The car sales in the Indian auto market have dwindled for the seventh month in a row with a fall of 12 per cent during May 2013. It must be noted that during the period, the auto makers came up with heavy discount and freebies to lure the Indian buyers, but failed to enthral them owing to economic slowdown. According to a data issued by the Society of Indian Automobile Manufacturers (SIAM), May 2013 reported the steepest dip for mainly all cars.
As per figures, the demand for passenger car sales during May 2013 stood at 1,43,216 units over 1,63,222 units delivered during the corresponding period of 2012. Expressing his views on the same, the Director General of SIAM, Vishnu Mathur was quoted as saying, “This is a grave sign for the automobile industry as it's the longest stretch of consecutive car sales decline witnessed ever. Even during the 2008-09 downturn, car sales dipped for few months and recovered back strongly. These are worrying trends for the Indian automobile industry.”

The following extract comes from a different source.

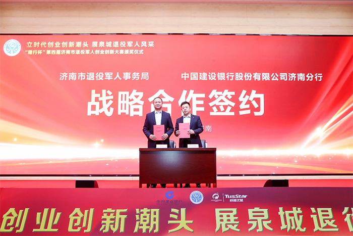 活動期間,濟南市退役軍人事務局與中國建設銀行股份有限公司濟南分行簽署退役軍人創業金融服務項目戰略合作協議。雙方將在金融支持、資源對接、服務保障等方面深化合作,共同構建退役軍人創業創新長效支持機制。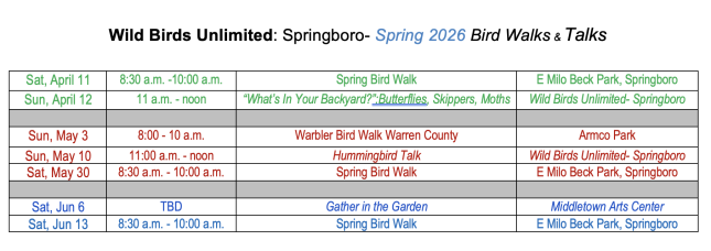 Join us on a bird walk or an in-store TALK! The latest schedule of walks and talks by Wild Birds Unlimited of Springboro, Ohio follows. Be sure to check out the location for each event on the schedule.

Because of steep fall in sales, SIAM is expecting job losses in the auto industry as the auto makers have already started implementing production cuts. Interestingly, Maruti Suzuki India Limited, the country’s largest passenger car maker, declared the closure of all of its five production units for eight days in June 2013, in a move to reduce its increasing inventory. It must be noted that the domestic sales of Maruti Suzuki dipped by 8.25 per cent, amounting to 66,342 units. On the other hand, the second largest passenger car maker of the country, Hyundai India registered a nominal increase of 0.35 per cent, amounting to 32,052 units. A number of auto makers have reported flat or negative sales during May 2013
Industry experts tracking the movement of Indian auto market are of a view that except the utility vehicle and scooter segment, all the divisions of auto industry witnessed negative sales. Speaking on the same, an expert said, “Auto volumes last month were not very different from the trend that had been witnessed in the past few months. Overall weak economic growth continues to keep demand sentiment subdued with most companies continue to report negative growth. We expect volumes to stay weak in the near term though factors such as monsoon and economic recovery will play a key role in reviving demand sentiments over the medium term.”